Likewise, we'll create a grouped variable for weight called weight_group. There will be 7 groups:
* <60kg: Less than 60kg	
* 60kg +: 60kg and above
* 70kg +: 70kg and above
* 80kg +: 80kg and above
* 90kg +: 90kg and above
* 100kg +: 100kg and above
* Missing (For null values)

In [39]:
# define a function to recode weight
def get_weight_group(weight):
    weight_group = ''
    if (weight < 60.0):
        weight_group = '<60kg'
    elif (weight >= 60.0 and weight <= 69.9):
        weight_group = '60kg +'
    elif (weight >= 70.0 and weight <= 79.9):
        weight_group = '70kg +'
    elif (weight >= 80.0 and weight <= 89.9):
        weight_group = '80kg +'
    elif (weight >= 90.0 and weight <= 99.9):
        weight_group = '90kg +'
    elif (weight >= 100.0):
        weight_group = '100kg +'
    else: 
        weight_group = 'Missing'
    return weight_group

# add the new column called age_group and apply the above function
afib_df['weight_group'] = afib_df['weight'].apply(get_weight_group)

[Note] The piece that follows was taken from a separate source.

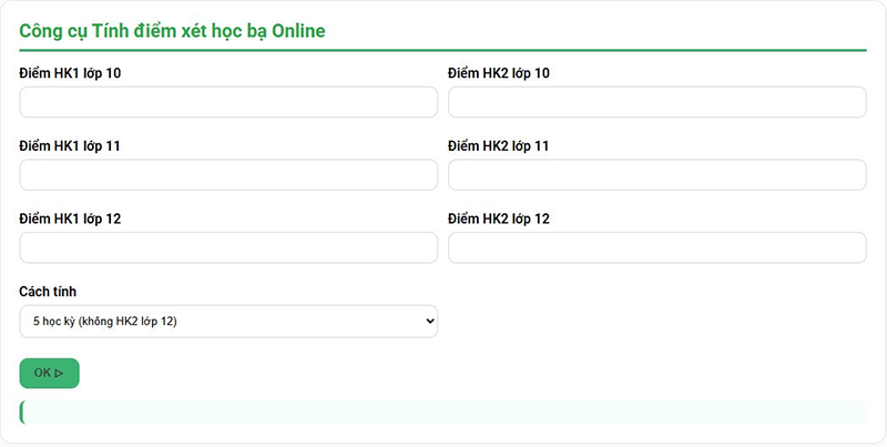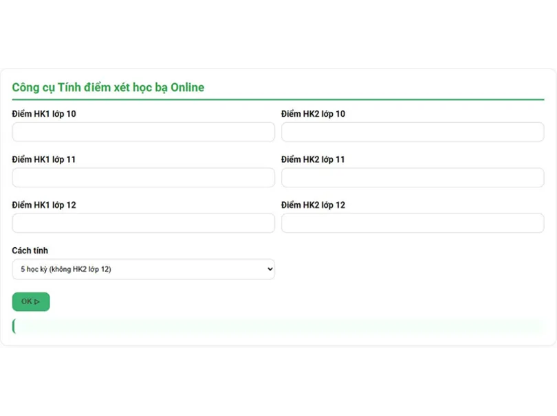 Công thức: Điểm mỗi môn = (ĐTB HK1 lớp 10 + ĐTB HK2 lớp 10 + ĐTB HK1 lớp 11 + ĐTB HK2 lớp 11 + ĐTB HK1 lớp 12) ÷ 5

We also want to get a year for each record; thus, creating a grouped variable called recording_year.

In [40]:
# get year from recording_date
afib_df['recording_year'] = pd.to_datetime(afib_df['recording_date']).dt.to_period('Y')

In [41]:
# check afib_df
afib_df.head()

Unnamed: 0,diagnosi,ritmi,age,sex,height,weight,recording_date,heart_axis,validated_by_human,strat_fold,age_group,height_group,weight_group,recording_year
0,STACH,2,54.0,0,,,1993-09-01 11:31:17,MID,0,6,50-59 Years,Missing,Missing,1993
1,AFLT,1,54.0,0,,,1993-09-01 11:31:17,MID,0,6,50-59 Years,Missing,Missing,1993
2,SR,0,55.0,0,,,1992-06-09 15:52:36,LAD,1,10,50-59 Years,Missing,Missing,1992
3,STACH,2,29.0,1,164.0,56.0,1997-02-08 18:33:30,,1,1,20-29 Years,1.60m +,<60kg,1997
4,SBRAD,2,57.0,0,,,1994-09-13 10:21:14,MID,0,1,50-59 Years,Missing,Missing,1994


In [42]:
# check shape
afib_df.shape

(6428, 14)

Now we can write the modified dataframe to the new csv file, so we can use it for EDA.

In [43]:
afib_df.to_csv('../../../data/afib_data/new_coorteeqsrafva.csv', index=False)

In [44]:
# read in npy file 
ecgeq_arr = np.load('../../../data/afib_data/ecgeq-500hzsrfava.npy')
ecgeq_arr

array([[[-0.005,  0.135,  0.14 , ..., -0.21 , -0.145, -0.08 ],
        [-0.005,  0.135,  0.14 , ..., -0.21 , -0.145, -0.08 ],
        [-0.005,  0.135,  0.14 , ..., -0.21 , -0.145, -0.08 ],
        ...,
        [ 0.03 , -0.045, -0.075, ..., -0.02 , -0.035, -0.045],
        [ 0.03 , -0.045, -0.075, ..., -0.02 , -0.035, -0.045],
        [ 0.03 , -0.045, -0.075, ..., -0.02 , -0.035, -0.045]],

       [[-0.005,  0.135,  0.14 , ..., -0.21 , -0.145, -0.08 ],
        [-0.005,  0.135,  0.14 , ..., -0.21 , -0.145, -0.08 ],
        [-0.005,  0.135,  0.14 , ..., -0.21 , -0.145, -0.08 ],
        ...,
        [ 0.03 , -0.045, -0.075, ..., -0.02 , -0.035, -0.045],
        [ 0.03 , -0.045, -0.075, ..., -0.02 , -0.035, -0.045],
        [ 0.03 , -0.045, -0.075, ..., -0.02 , -0.035, -0.045]],

       [[-0.17 , -0.13 ,  0.04 , ..., -0.14 , -0.05 , -0.03 ],
        [-0.17 , -0.13 ,  0.04 , ..., -0.14 , -0.05 , -0.03 ],
        [-0.17 , -0.13 ,  0.04 , ..., -0.14 , -0.05 , -0.03 ],
        ...,
        [ 0.

In [45]:
ecgeq_arr.shape

(6428, 5000, 12)

This is a 3D array, which contains **6428 layers, 5000 rows, and 12 columns**. 12 columns represent for 12 leads, which are lead I, II, III, aVF, aVR, aVL, V1, V2, V3, V4, V5, V6. Leads I, II, III, aVR, aVL, aVF are denoted the limb leads while the V1, V2, V3, V4, V5, and V6 are precordial leads.